Mister Wolf by @jtreole

Monday, 2 August 2010

Monday, 3 May 2010

It's been a while

I've very carefully tried not to blog during this election campaign. Firstly this is primarily a music blog, and I don't think music and politics mix *that* well [take note U2... leave it to the pros]

Also this is the first election where the televised debates have animated a whole lot more people, this is good and bad [good because it gets people talking, bad 'cos it becomes presidential and less about the candidate representing your borough in parliament] - now I don't want to seem bandwagon jumping. I've been interested in politics long before the ITV debate ;-).

Finally there's 4 people in this band and I in NO-WAY represent the views of all of us [in-fact, I don't think we've discussed what we think] so these are the views of me and not J-Treole in full.

In-short, this is my summary of the parties


The years leading up to this, I was shitting myself that smug git David 'call me Dave'Cameron would get into power and I'd experience my first proper Tory government [John Major didn't count as I was too young, and I was living out of the country for Maggie Thatcher].

I disliked their policy on people starting their own schools, money will have to be withdrawn from the state system, and it further segregates people.

I think their £27billion efficiency saving plans is unrealistic. Average public sector wage is £25,000/year. So that's just over 1 million job losses. At a time when unemployment is on the rise this is something we could do without.

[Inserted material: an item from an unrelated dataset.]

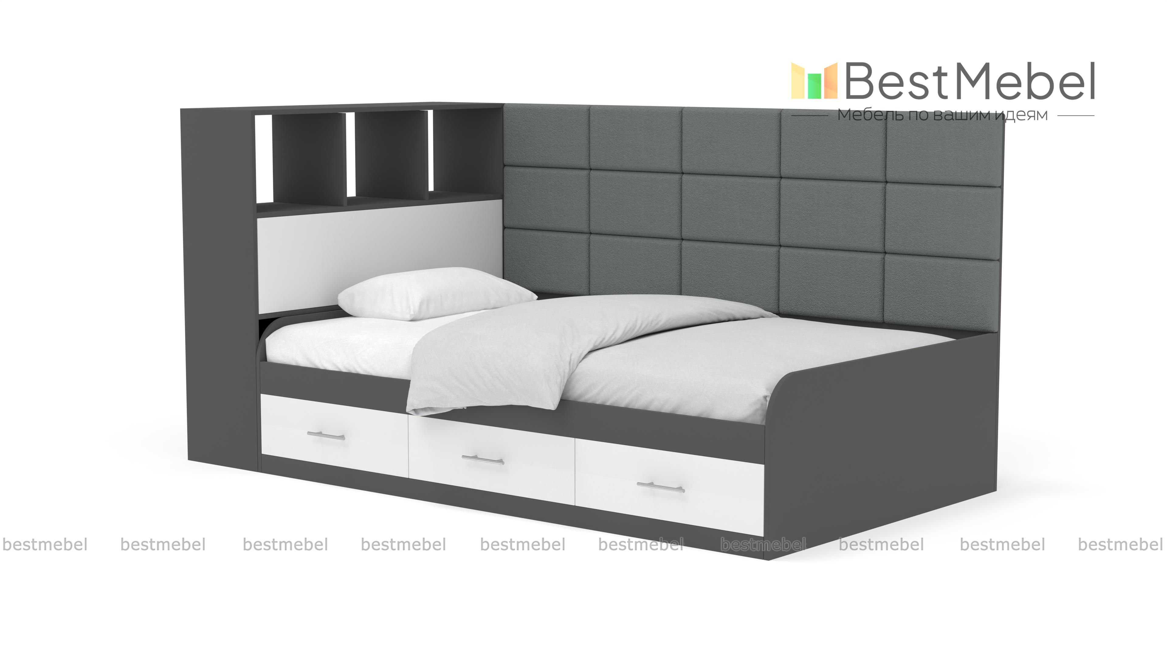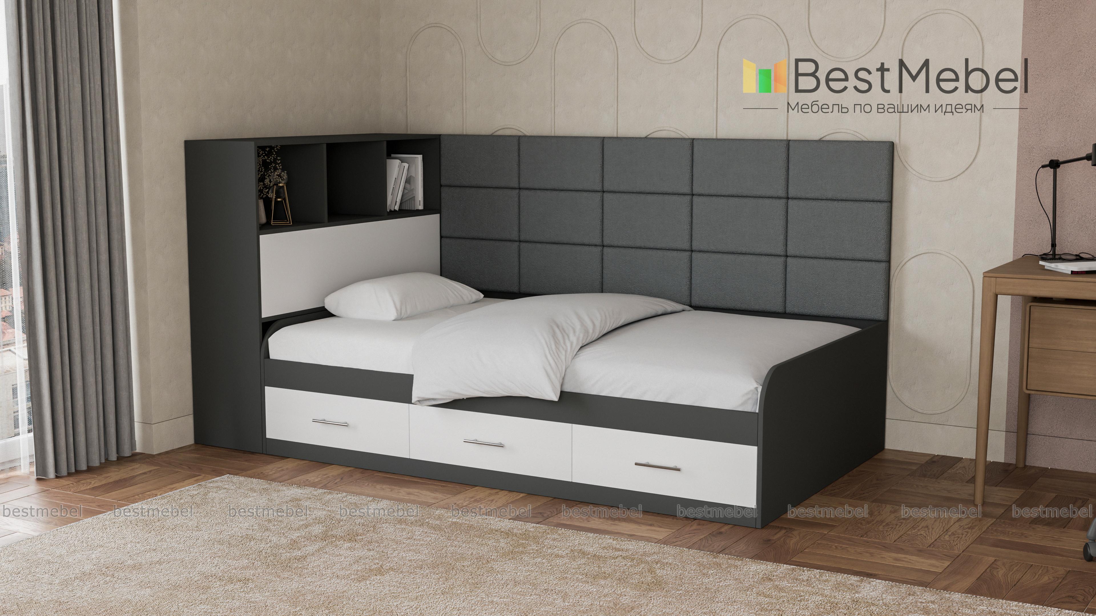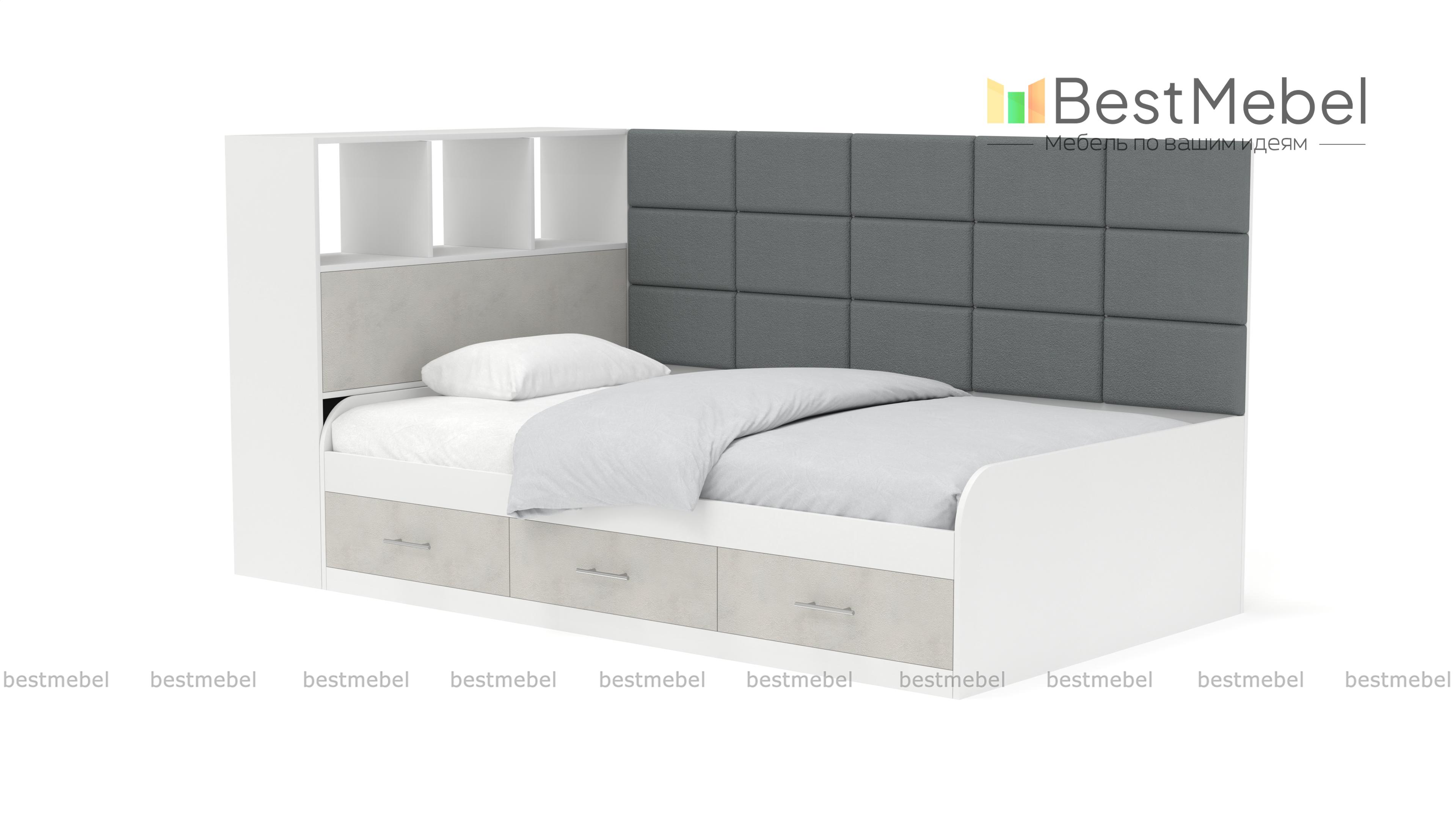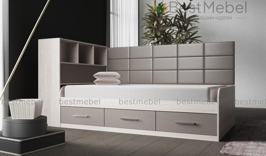 Кровать с 3 ящиками Монти BMS – это практичная тахта, подходящая для дневного отдыха и сна. Отличный вариант для современной детской или подростковой комнаты, модель оборудована просторным спальным местом с высокой спинкой. Для хранения постельных принадлежностей, книг и важных мелочей предусмотрены три выдвижных ящика в основании и встроенные в боковину открытые полки и глухое отделение. Особенно уютный вид кровати придает сочетание корпуса древесных тонов с мягкой обивкой, простроченной квадратами. Купить кровать с 3 ящиками Монти BMS приглашаем в наш интернет-магазин, подобрав цветовое решение.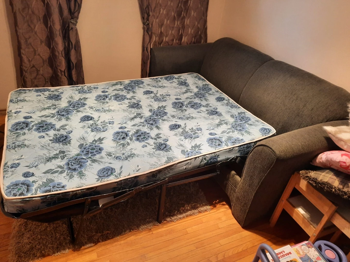 This sectional sofa easily converts into a bed! It's upholstered in a durable dark green fabric and includes a floral-patterned mattress. Comes with a metal frame for bed functionality.

They want to cap immigration which is a load of crap IMO [especially when you give no figures]

Cameron is a Eurosceptic, not what we need when IMF will downgrade our economy, making British debt more expensive to insure. Who will we turn to then to borrow money?

Tax breaks for married couples is retrogressive and patronizing for about 20,000 reasons. I means about £3 a week and it costs £12million. How will this be funded please? It also encourages one couple to stay at home [bit of an old Tory ideal there?]

This whole national service at 16 is a load of crap, even if you get Michael Cain to back it. For the many consciences objectors this is movement against free-will, and for the 'obedient' majority [who this is not targeted at] this is tarring everybody with the same brush.

I'd love to see 'The Sun' and all the Murdoch press loose too :-)

Good points - Cameron attempts his Obama angle, digging change. This of curse would be a change from 13 years of Labour [most people my age have grown up with New Labour] Tories are now Centre Right so at least that isolated a whole load of core-vote; who have buggered off to UKIP.
Kenneth Clarke is heavy weight good Tory [even if you hated MT's cabinet] - he knows the numbers.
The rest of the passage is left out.